**What is needed:** What you return should be only the lines in the entries below between the one holding "信息时报讯(记者 黄冠柽 见习记者" and the one holding "Hofmann-Göttig neuer Vorsitzender", ends included, with every picture left out.

**Records supplied:**

Content starts

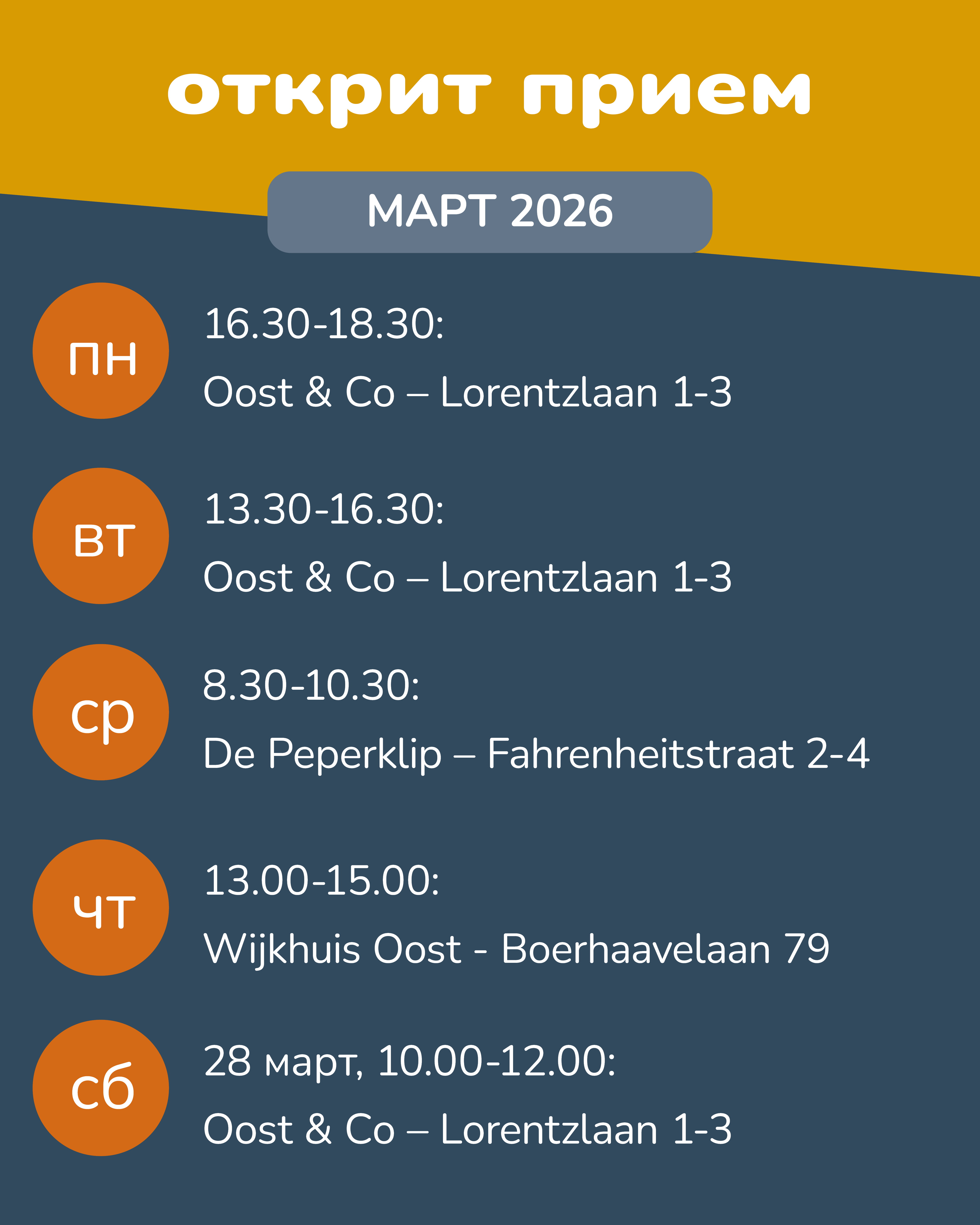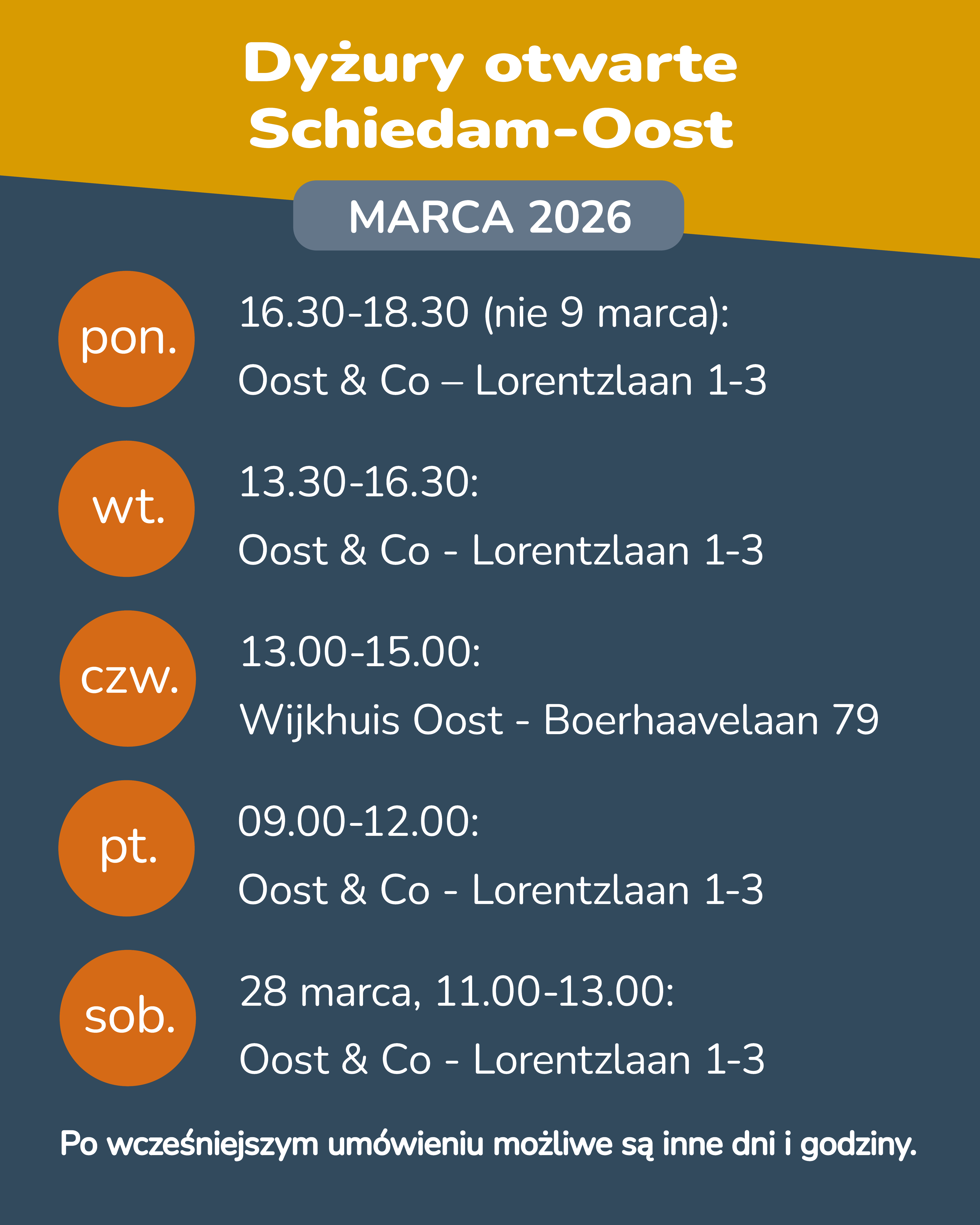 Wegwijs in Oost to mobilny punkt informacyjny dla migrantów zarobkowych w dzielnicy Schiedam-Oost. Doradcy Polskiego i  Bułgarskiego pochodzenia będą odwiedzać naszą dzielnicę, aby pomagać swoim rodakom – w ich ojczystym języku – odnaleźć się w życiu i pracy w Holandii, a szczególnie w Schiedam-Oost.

Content ends
Content starts

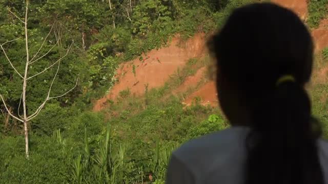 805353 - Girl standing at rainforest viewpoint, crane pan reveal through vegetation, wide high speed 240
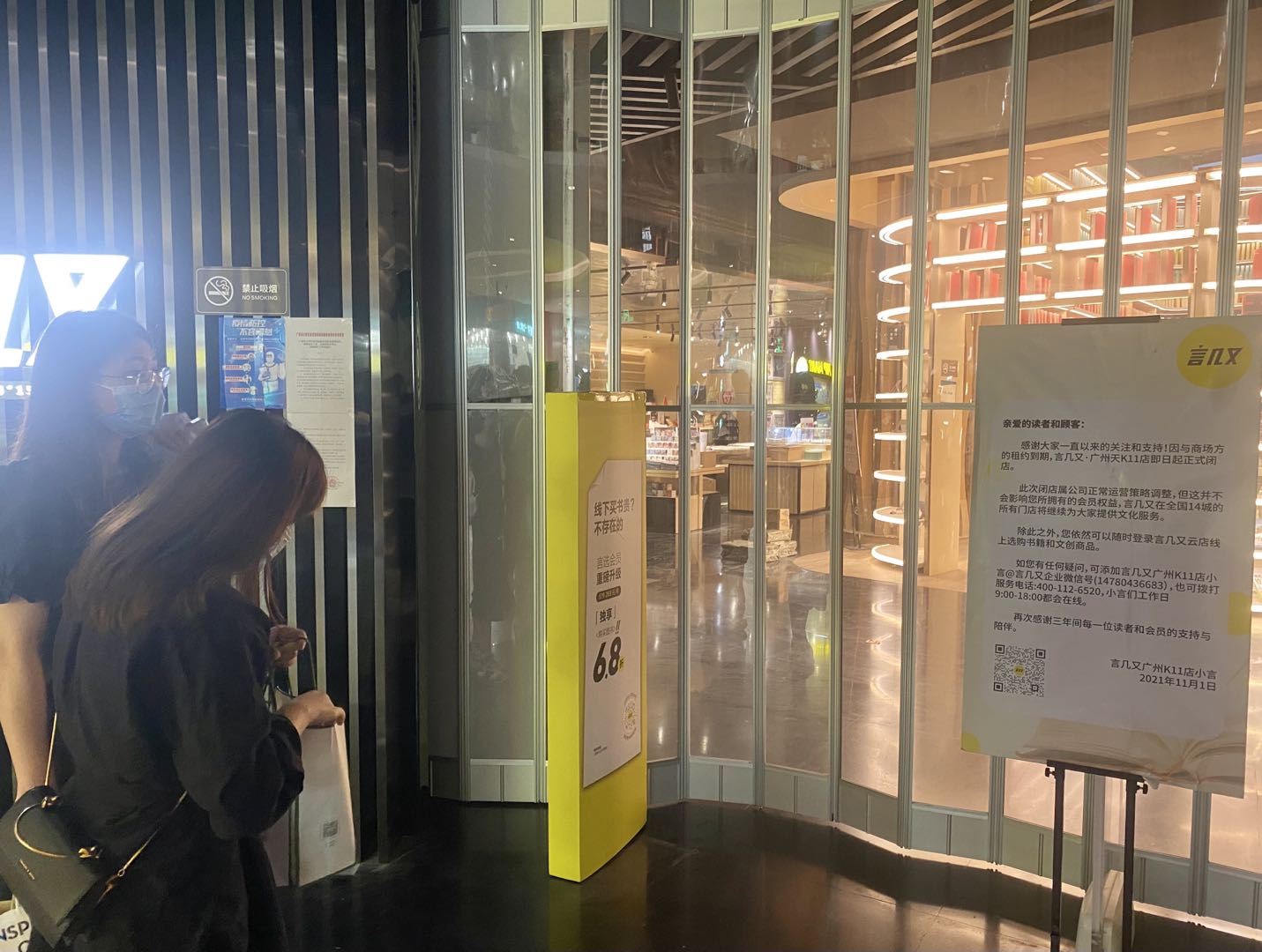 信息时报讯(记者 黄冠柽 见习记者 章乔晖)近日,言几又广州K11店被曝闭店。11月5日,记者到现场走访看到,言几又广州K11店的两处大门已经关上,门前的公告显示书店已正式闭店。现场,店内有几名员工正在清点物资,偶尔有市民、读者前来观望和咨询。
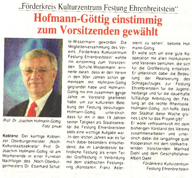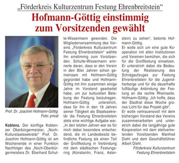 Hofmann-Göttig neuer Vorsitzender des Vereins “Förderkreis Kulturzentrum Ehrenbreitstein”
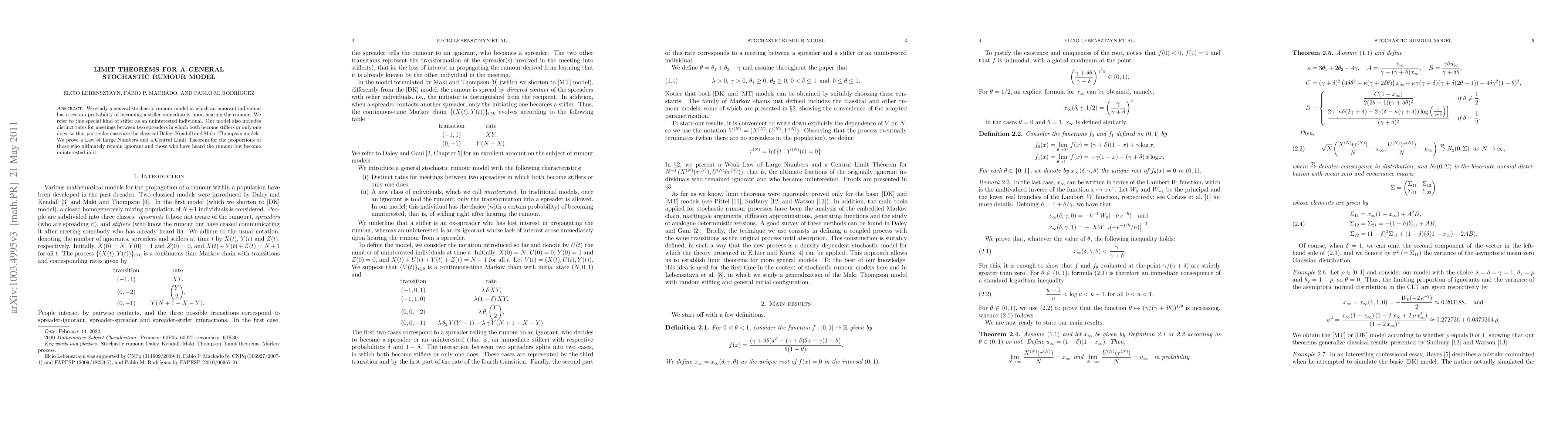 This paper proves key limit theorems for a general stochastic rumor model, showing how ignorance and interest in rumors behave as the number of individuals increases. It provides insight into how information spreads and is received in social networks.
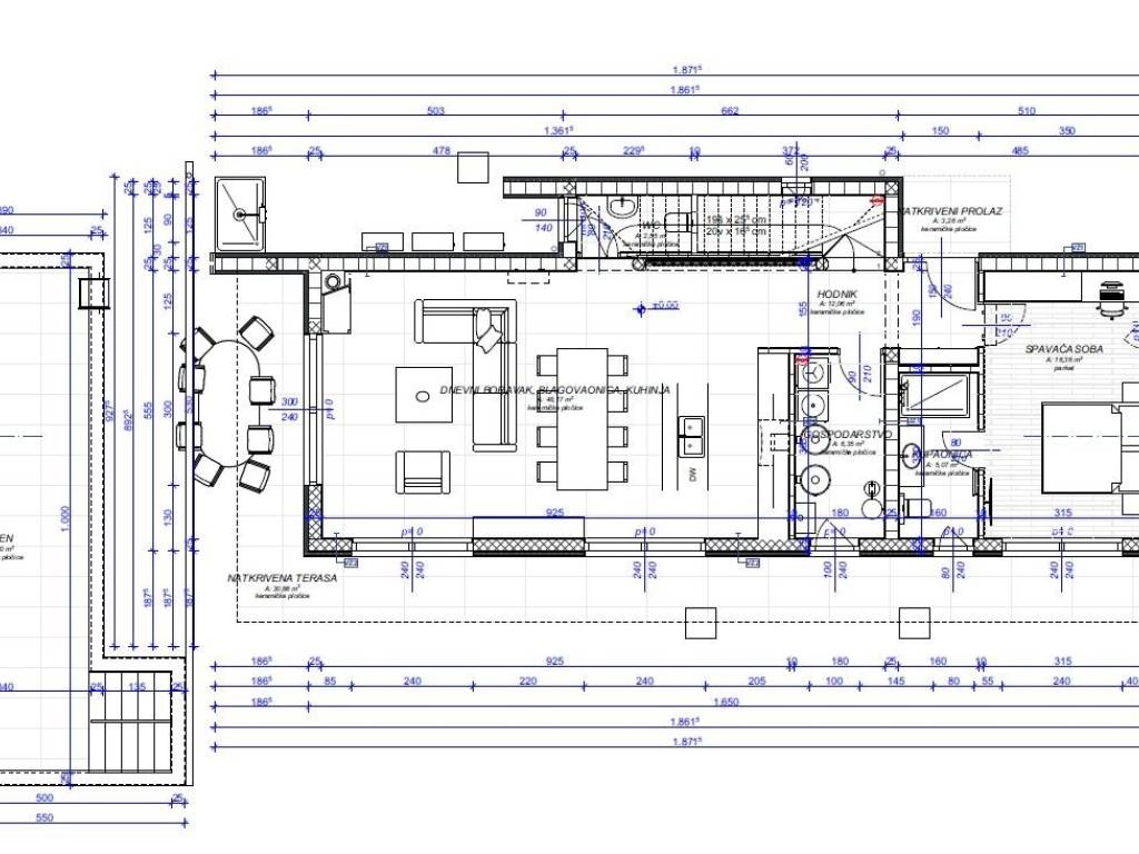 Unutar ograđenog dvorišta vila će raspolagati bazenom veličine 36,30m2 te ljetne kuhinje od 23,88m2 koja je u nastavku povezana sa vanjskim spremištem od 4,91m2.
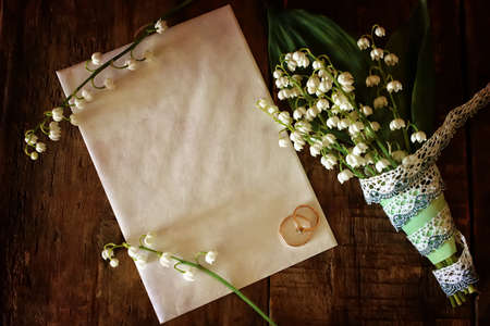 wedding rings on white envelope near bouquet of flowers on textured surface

Content ends

**Task solution:**
 信息时报讯(记者 黄冠柽 见习记者 章乔晖)近日,言几又广州K11店被曝闭店。11月5日,记者到现场走访看到,言几又广州K11店的两处大门已经关上,门前的公告显示书店已正式闭店。现场,店内有几名员工正在清点物资,偶尔有市民、读者前来观望和咨询。
 Hofmann-Göttig neuer Vorsitzender des Vereins “Förderkreis Kulturzentrum Ehrenbreitstein”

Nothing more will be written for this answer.